- French: Saules aveugles, femme endormie
- Directed by: Pierre Földes
- Written by: Pierre Földes
- Based on: Blind Willow, Sleeping Woman; The Elephant Vanishes; After the Quake; by Haruki Murakami;
- Produced by: Pierre Baussaron; Tom Dercourt; Emmanuel-Alain Raynal; Pierre Urbain; David Mouraire; Luc Déry; Kim McCraw; Galilé Marion-Gauvin; Antoine Coutant; Pierre Földes; Joost de Vries;
- Cinematography: Étienne Boilard
- Edited by: Kara Blake
- Music by: Pierre Földes
- Production companies: Miyu Productions; Cinéma Defacto; Doghouse Films; micro_scope; Productions L'Unité Centrale; An Original Picture; Studio MA; Arte France Cinéma; Auvergne-Rhône-Alpes Cinéma;
- Distributed by: Gébéka Films (France); Maïson 4:3 (Canada); Bantam Film (Netherlands);
- Release date: June 15, 2022 (Annecy);
- Running time: 108 minutes
- Countries: Canada; France; Luxembourg; Netherlands;
- Languages: French; English;
- Box office: $66,612

= Blind Willow, Sleeping Woman (film) =

2022 French-Canadian-Luxemburgian-Dutch animated film

Blind Willow, Sleeping Woman (Saules aveugles, femme endormie) is a 2022 animated anthology drama film written, produced, directed and composed by Pierre Földes. An international co-production of Canada, France, Luxembourg and the Netherlands, the film, set in Tokyo shortly after the 2011 Tōhoku earthquake and tsunami, adapts six short stories from three collections by Japanese author Haruki Murakami, Blind Willow, Sleeping Woman, The Elephant Vanishes and After the Quake (including "Blind Willow, Sleeping Woman", “Birthday Girl”, "The Wind-up Bird and Tuesday's Women", "UFO in Kushiro", and "Super-Frog Saves Tokyo"), focusing on a bank employee who is enlisted by a talking frog to assist him in saving the city from destruction by a giant subterranean worm. To create a version of 3D motion capture animation within a 2D film, Földes filmed his entire screenplay as a live-action "reference" performance, following which the animators replaced the actors' heads with 3D models and then traced and animated their facial expressions. The voice cast includes Marcello Arroyo, Michael Czyz, Zag Dorison, Földes, Jesse Noah Gruman, Katharine King So, John Vamvas, Nadia Verrucci and Shoshana Wilder.
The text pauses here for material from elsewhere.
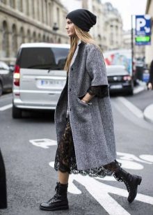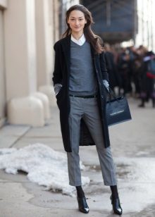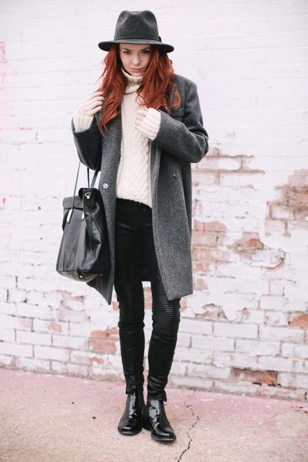 - Black chelsea boots work well with trousers. Gray coats and a hat with a contrasting light sweater look unusually stylish. The image is strict and elegant, suitable for office or business meeting.
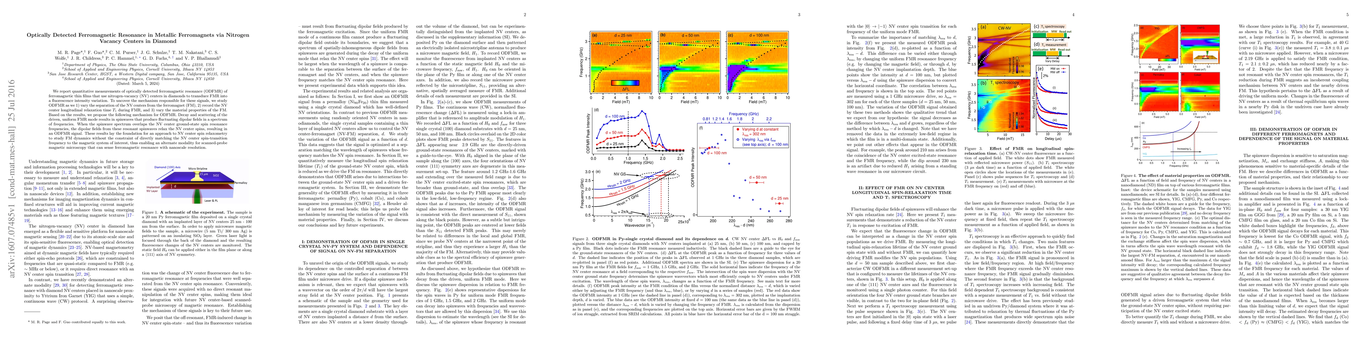 This paper reports quantitative measurements of optically detected ferromagnetic resonance (ODFMR) in metallic ferromagnets using nitrogen-vacancy centers in diamonds, proposing a mechanism where spinwaves from FMR induce fluctuating dipolar fields that relax NV center spins, enabling nanoscale magnetic microscopy.

Blind Willow, Sleeping Woman premiered in the feature film competition at the 2022 Annecy International Animation Film Festival, where it was awarded a Jury Distinction, and was later screened at the 2022 Toronto International Film Festival as part of the festival's Contemporary World Cinema section.

== Reception ==
The review aggregator Rotten Tomatoes reported an approval rating of 77% based on 26 reviews, with an average rating of 6.9/10.

The film was nominated for Best Animated Film at the 29th Lumière Awards in 2024.